There are other things that NASA and the planetary science community can do to prepare for the next decadal survey. Two of the most important are as follows:

• Monitoring the implementation of the survey—Agency budgets wax and wane, new scientific discoveries are made, and new technologies come to the fore. Change, both good and bad, has an influence on the planetary science agenda and will affect the implementation of the recommendations in this report. A decadal survey should not be blindly followed if external circumstances dictate that a change in strategy is needed. But who decides if change warrants a deviation from a decadal plan? The potential candidates—internal agency advisory committees, community based “analysis groups,” and NRC committees—are not currently chartered to play such a role. A group specifically tasked to monitor and assess progress toward decadal goals is essential. Such a group should be able to provide the necessary strategic guidance needed to achieve the decadal science goals in a timely manner and consistent with the survey recommendations.
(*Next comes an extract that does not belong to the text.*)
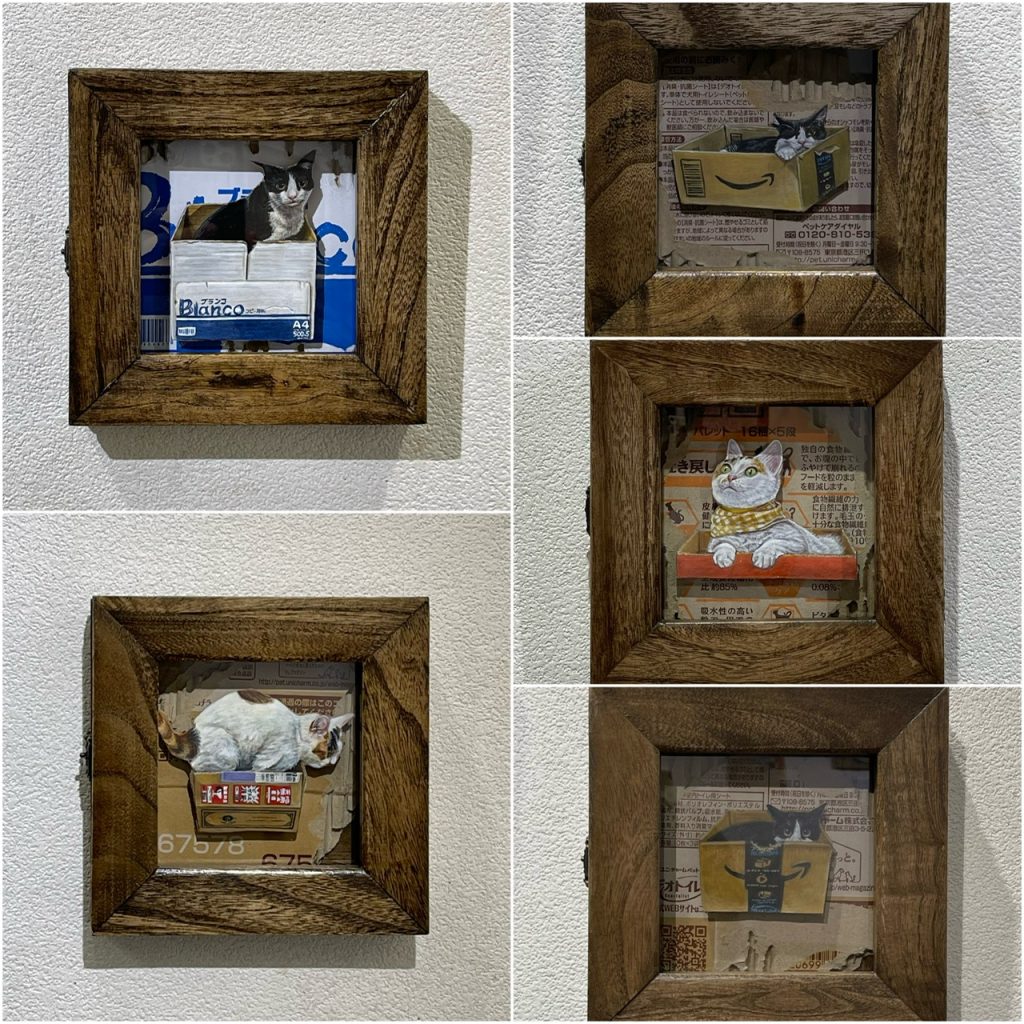 ハコネコシリーズ/180×180mm/アクリル絵具・段ボール・自作額付き/ ※アクリル板入りのため写り込みあります。 〇ハコネコ12(左上)SOLD売約済み 〇ハコネコ10(右下)SOLD売約済み ◯ハコネコ5(左下)SOLD売約済み

• Mission studies—This decadal survey commissioned numerous mission studies that were carried out over a relatively short period of time and then subjected to cost and technical evaluations. A more effective method would be for NASA to sponsor studies for potential flagship and New Frontiers missions that capture the broadest possible science questions as well as reduce the time pressure on the decadal survey itself. The committee therefore recommends that NASA sponsor community-driven, peer-reviewed mission studies in the years leading up to the next decadal survey, using a common template for the study reports.


1. In 2006 NASA also asked the National Research Council to conduct such an assessment for the agency’s Astrophysics Division. In 2007 NASA asked the NRC for an assessment of the agency’s Heliophysics Division. The NRC is currently undertaking an assessment of the Earth Sciences Division.

2. National Research Council. 2008. Grading NASA’s Solar System Exploration Program: A Midterm Report. The National Academies Press, Washington, D.C.